Overall, these trials indicate that appropriate selection of patients with EGFR mutations is quite necessary to avoid misleading conclusions. Therefore, a retrospective study (11) performed at the Memorial Sloan Kettering Cancer Center (MSKCC) recruited 167 completely resected lung adenocarcinoma patients harboring EGFR mutations (stage IB 70%, II 15%, III 15%) after standard adjuvant chemotherapy and radiotherapy. Results suggested that TKI adjuvant therapy (gefitinib or erlotinib) had a tendency to improve 2-year DFS rate compared with platinum-based chemotherapy alone (89% vs. 72%, respectively; HR: 0.53, 95% CI: 0.28-1.03, P=0.06). However, with a TKI median treatment time of 20 months, DFS curves separated in the middle and converged at two ends, similar results as shown in C-08 study of colon cancer. It can be extrapolated that adjuvant TKI regimens lead to acquired resistance to EGFR-TKIs. According to follow-ups, patients with disease progression after TKI adjuvant therapy retained sensibility (73%) to TKI retreatment and a 10-month median PFS, close to that in first-line TKI therapy for advanced NSCLC. This study in MSKCC is the first clinical trial to demonstrate that EGFR mutant NSCLC patients after R0 surgery can benefit from erlotinib or gefitinib as adjuvant therapy. However, although their cohort targeted at selected population with EGFR mutations and receiving uniform testing and treatment in the same institute, there still exist several limitations. That is to say, researchers should lay more emphasis on how to rule out oncologists’ preferences, prolong the primary endpoint to 5-year DFS rather than 2-year DFS, and eliminate the quantity imbalance between arms.

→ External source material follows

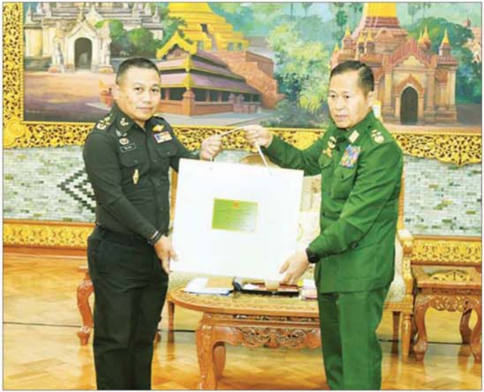
နိုင်ငံတော်လုံခြုံရေးနှင့် အေးချမ်းသာယာရေးကော်မရှင် ဒုတိယဥက္ကဋ္ဌ ဒုတိယတပ်မတော်ကာကွယ်ရေး ဦးစီးချုပ် ကာကွယ်ရေးဦးစီးချုပ်(ကြည်း) ဒုတိယဗိုလ်ချုပ်မှူးကြီး စိုးဝင်းနှင့် ထိုင်းဘုရင့်ကြည်းတပ်ဦးစီး ချုပ်ရုံး၊ Army Operation Center | Neighboring Countries Coordination Center (NCCC) ဌာန၏ အကြီးအကဲ General Direk Bongkam တို့ အမှတ်တရလက်ဆောင်ပစ္စည်းများ အပြန်အလှန်ပေးအပ်စဉ်။ အခြေအနေများနှင့် ပတ်သက်၍ ရင်းရင်းနှီးနှီး ထိုင်းဘုရင့်ကြည်းတပ်ဦးစီးချုပ်ရုံး၊ (NCCC) ဌာန၏ အကြီးအကဲတို့သည် အမှတ်တရလက်ဆောင်ပစ္စည်း များ အပြန်အလှန်ပေးအပ်ပြီး တက်ရောက်လာကြ သူများနှင့်အတူ စုပေါင်းမှတ်တမ်းတင်စာတံပုံရိုက် ခဲ့ကြကြောင်း သတင်းရရှိသည်။ သတင်းစဉ် အခြေအနေများနှင့် ပတ်သက်၍ ရင်းရင်းနှီးနှီး ဆွေးနွေးခဲ့ကြသည်။ စုပေါင်းမှတ်တမ်းတင်စာတံပုံရိုက် တွေ့ဆုံပွဲအပြီးတွင် နိုင်ငံတော်လုံခြုံရေးနှင့် အေးချမ်းသာယာရေးကော်မရှင် ဒုတိယဥက္ကဋ္ဌနှင့်

တိုးတက်လျက်ရှိသည့် အခြေအနေများနှင့် ရေရှည်တည်တံ့ခိုင်မြဲအောင် ဆက်လက်ဆောင်ရွက် သွားမည့်အခြေအနေများ၊ နှစ်နိုင်ငံအကြား သဘော တူညီချက်များအား ဆက်လက်အကောင်အထည်ဖော် ဆောင်ရွက်သွားမည်ဖြစ်သည့် အခြေအနေများနှင့် ပူးပေါင်းဆောင်ရွက်မှုများ တိုးတက်ကောင်းမွန်နေ စေရေး ဆက်လက်ဆောင်ရွက်သွားမည်ဖြစ်သည့် အခြေအနေများ၊ နှစ်နိုင်ငံကုန်သွယ်မှု၊ ကုန်စည် စီးဆင်းမှုများ ပြန်လည်ကောင်းမွန်ရေးအတွက် နယ်စပ် ဒေသတည်ငြိမ်အေးချမ်းရေးကို နှစ်နိုင်ငံအစိုးရနှင့် တပ်မတော်နှစ်ရပ်အကြား ပူးပေါင်း၍ ထိန်းသိမ်း ဆောင်ရွက်သွားနိုင်မည့် အခြေအနေများနှင့် နယ်စပ် ဒေသများတွင် တရားမဝင်ကုန်သွယ်မှုများနှင့် တရားမဝင်လုပ်ငန်းများ လုပ်ကိုင်မှုမရှိစေရေး ထိန်းသိမ်းဆောင်ရွက်သွားရန် လိုအပ်သည့်အခြေ အနေများ၊ မြန်မာနိုင်ငံအစိုးရအနေဖြင့် အွန်လိုင်း လိမ်လည်လောင်းကစားမှုများ တစ်ကျော့ပြန် မပေါ်ပေါက်လာစေရေးနှင့် မူးယစ်ဆေးဝါးတိုက်ဖျက် ရေးလုပ်ငန်းစဉ်များကို အမျိုးသားရေးတာဝန်တစ်ရပ် အဖြစ်ခံယူ၍ အင်တိုက်အားတိုက်ဆောင်ရွက်လျက် ရှိသည့်အခြေအနေများနှင့် နှစ်နိုင်ငံသတင်းအချက် အလက်များ ဖလှယ်ခြင်းများအပါအဝင် ပူးပေါင်း ဆောင်ရွက်မှုများကို တိုးမြှင့်ဆောင်ရွက်သွားနိုင်မည့် အခြေအနေများ၊ မြန်မာနိုင်ငံတွင် ၂၀၂၅ ခုနှစ် ပါတီစုံဒီမိုကရေစီ အထွေထွေရွေးကောက်ပွဲအပိုင်း(၁) နှင့်အပိုင်း(၂)ကို အောင်မြင်စွာ ကျင်းပပြီးစီးခဲ့သည့် အခြေအနေများနှင့် လာမည့်စနစ်နာဝါရီ ၂၅ ရက်နေ့ တွင်အပိုင်း(၃)ကို ဆက်လက်ကျင်းပသွားမည်ဖြစ်သည့်

Subsequently, how should we monitor tumor behaviors and evaluate effects of adjuvant TKI therapy in order to change or moderate regimens timely once disease relapse? Pathological evidences from re-biopsies are universally acknowledged as gold standards and treatment plans are regulated according to different levels of complete response, partial response or progressed disease (12). However, multiple biopsies during following management of postoperative patients are expensive, exhausting and unnecessary, and thus detecting CTC in plasma would attract more attention of oncologists and patients (13-15). CTC can be considered as “fluid biopsy”, monitoring EGFR mutation status and identifying resistance to treatment and distant metastasis as early as possible. This not only assists to regulate TKI regimens and make clinical decisions, but also acts as an effective prognosis factor. Unfortunately, CTCs exist in extreme rarity in circulating blood and present techniques are not that sensitive enough to identify minor changes of CTC in peripheral blood. More advanced techniques are imperative to be applied.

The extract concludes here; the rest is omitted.